What to work on:
Your copy should start at the line with "- Dosage is" and end at the line with "Barbez2- já děkuju" in the data below. Transcribe only those lines, exactly, pictures excluded.

Data to use:
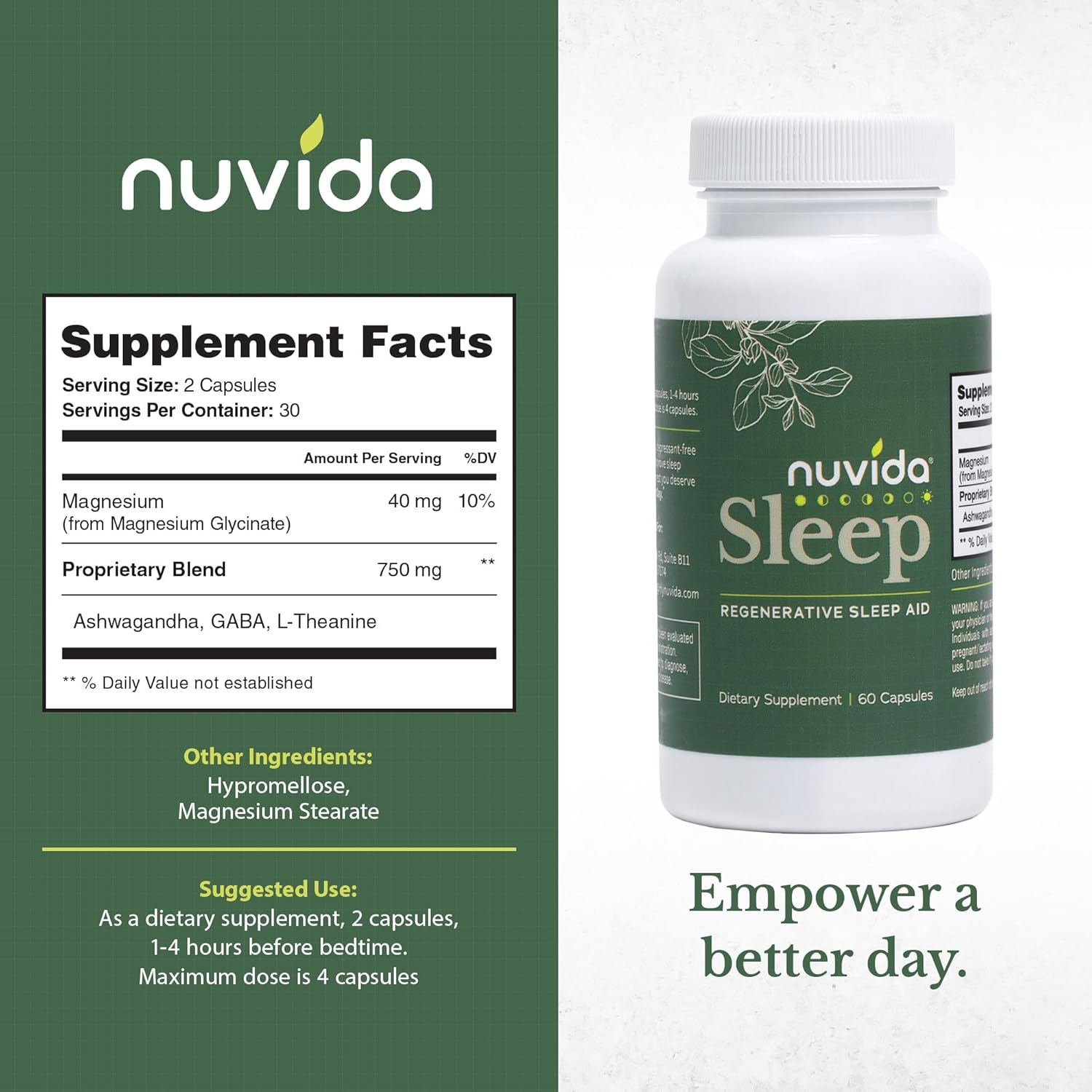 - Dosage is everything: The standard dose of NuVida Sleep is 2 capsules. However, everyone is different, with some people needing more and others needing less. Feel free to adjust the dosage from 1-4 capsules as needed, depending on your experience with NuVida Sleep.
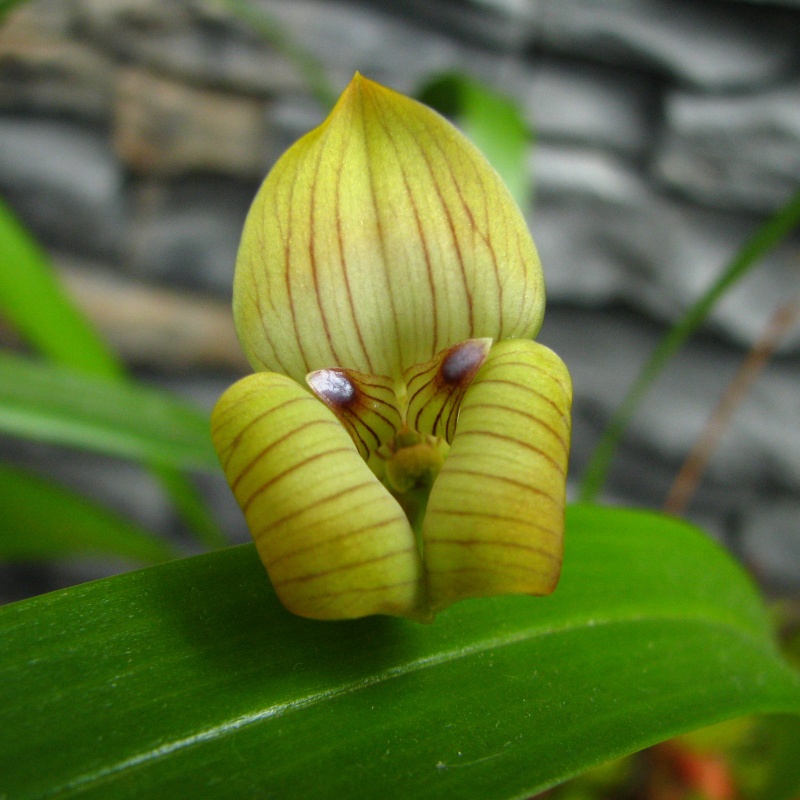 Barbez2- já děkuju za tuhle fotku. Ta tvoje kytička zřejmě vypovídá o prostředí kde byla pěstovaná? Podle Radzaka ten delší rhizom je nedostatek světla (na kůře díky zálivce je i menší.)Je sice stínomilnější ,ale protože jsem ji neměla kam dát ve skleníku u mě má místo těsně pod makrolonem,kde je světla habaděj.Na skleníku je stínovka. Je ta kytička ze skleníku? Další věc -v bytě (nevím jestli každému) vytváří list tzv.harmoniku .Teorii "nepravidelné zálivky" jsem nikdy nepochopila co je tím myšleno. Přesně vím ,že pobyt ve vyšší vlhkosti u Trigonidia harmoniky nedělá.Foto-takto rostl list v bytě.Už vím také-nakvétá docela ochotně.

==

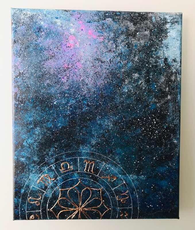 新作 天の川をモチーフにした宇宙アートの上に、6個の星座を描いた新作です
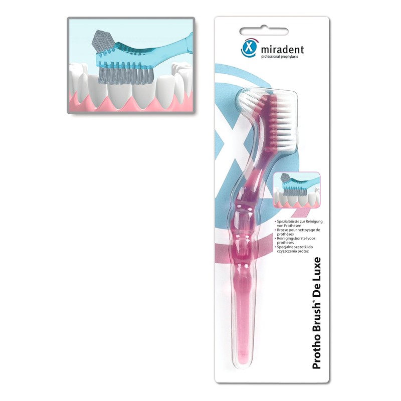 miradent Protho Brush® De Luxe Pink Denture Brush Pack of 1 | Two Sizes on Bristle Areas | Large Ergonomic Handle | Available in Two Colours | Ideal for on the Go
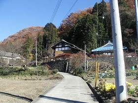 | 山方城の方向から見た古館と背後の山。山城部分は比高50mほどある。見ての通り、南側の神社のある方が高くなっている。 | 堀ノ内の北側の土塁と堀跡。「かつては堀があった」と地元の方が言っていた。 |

Answer to the problem:
 - Dosage is everything: The standard dose of NuVida Sleep is 2 capsules. However, everyone is different, with some people needing more and others needing less. Feel free to adjust the dosage from 1-4 capsules as needed, depending on your experience with NuVida Sleep.
 Barbez2- já děkuju za tuhle fotku. Ta tvoje kytička zřejmě vypovídá o prostředí kde byla pěstovaná? Podle Radzaka ten delší rhizom je nedostatek světla (na kůře díky zálivce je i menší.)Je sice stínomilnější ,ale protože jsem ji neměla kam dát ve skleníku u mě má místo těsně pod makrolonem,kde je světla habaděj.Na skleníku je stínovka. Je ta kytička ze skleníku? Další věc -v bytě (nevím jestli každému) vytváří list tzv.harmoniku .Teorii "nepravidelné zálivky" jsem nikdy nepochopila co je tím myšleno. Přesně vím ,že pobyt ve vyšší vlhkosti u Trigonidia harmoniky nedělá.Foto-takto rostl list v bytě.Už vím také-nakvétá docela ochotně.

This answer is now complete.